**Data**.
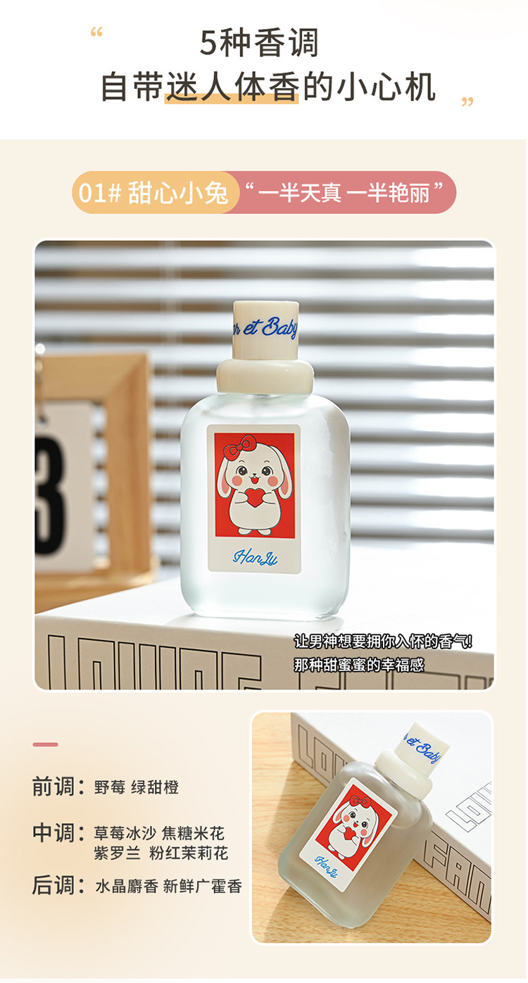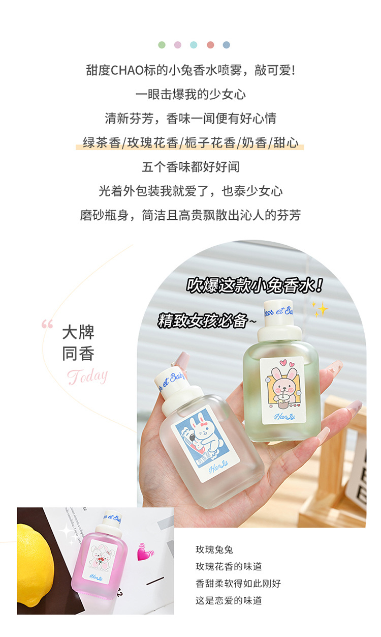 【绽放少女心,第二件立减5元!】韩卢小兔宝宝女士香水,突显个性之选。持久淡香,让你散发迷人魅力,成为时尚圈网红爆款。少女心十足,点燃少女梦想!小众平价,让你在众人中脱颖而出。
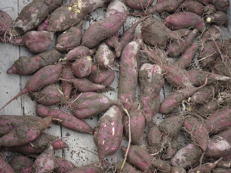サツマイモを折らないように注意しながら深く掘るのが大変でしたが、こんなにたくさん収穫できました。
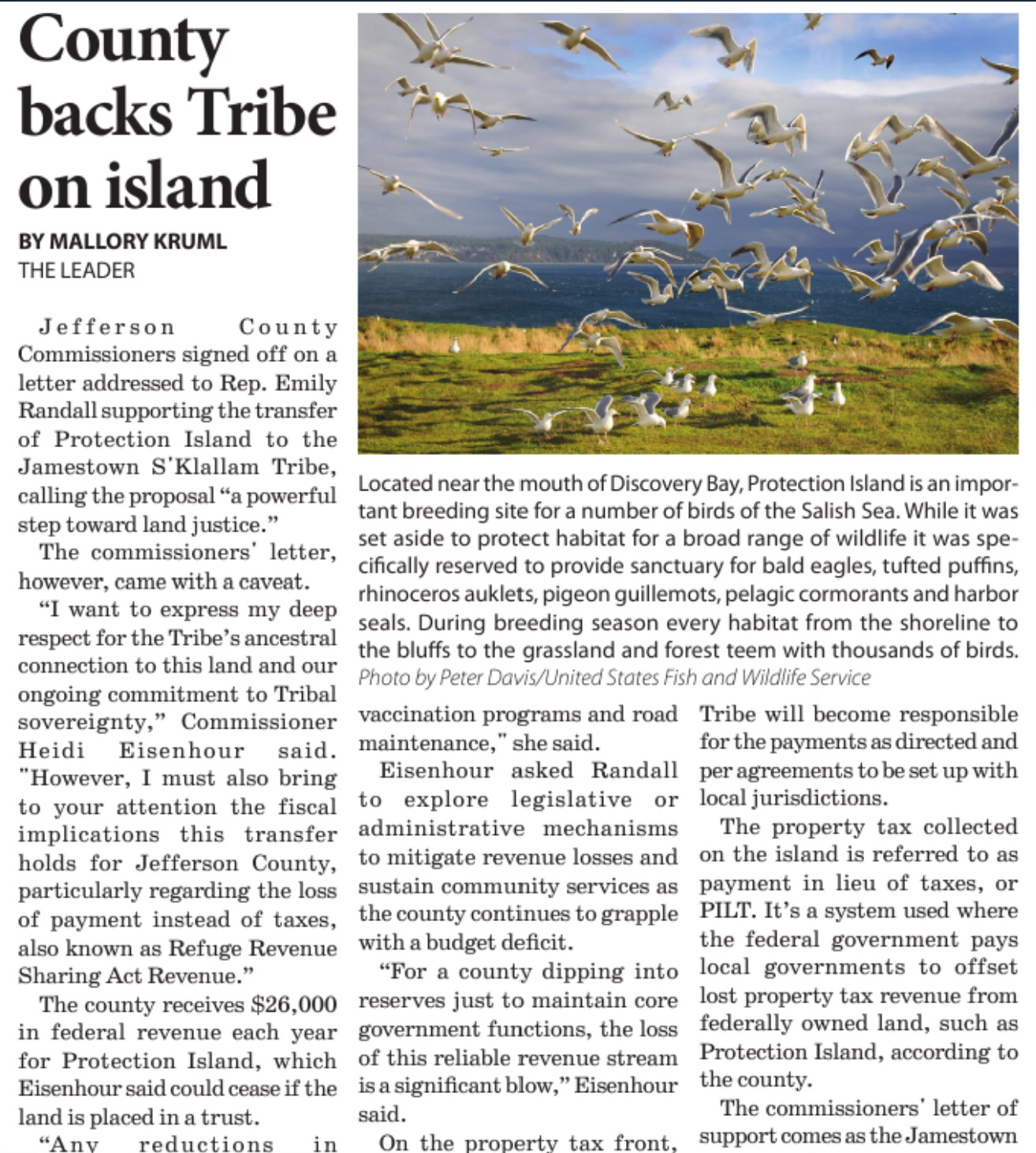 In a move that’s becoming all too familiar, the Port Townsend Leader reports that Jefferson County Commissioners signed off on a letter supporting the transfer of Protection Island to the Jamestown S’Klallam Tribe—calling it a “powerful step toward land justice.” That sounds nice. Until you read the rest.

**Exercise directions**. Set out the material once more, exact in every line, with no images.

**Output below**.
 【绽放少女心,第二件立减5元!】韩卢小兔宝宝女士香水,突显个性之选。持久淡香,让你散发迷人魅力,成为时尚圈网红爆款。少女心十足,点燃少女梦想!小众平价,让你在众人中脱颖而出。
サツマイモを折らないように注意しながら深く掘るのが大変でしたが、こんなにたくさん収穫できました。
 In a move that’s becoming all too familiar, the Port Townsend Leader reports that Jefferson County Commissioners signed off on a letter supporting the transfer of Protection Island to the Jamestown S’Klallam Tribe—calling it a “powerful step toward land justice.” That sounds nice. Until you read the rest.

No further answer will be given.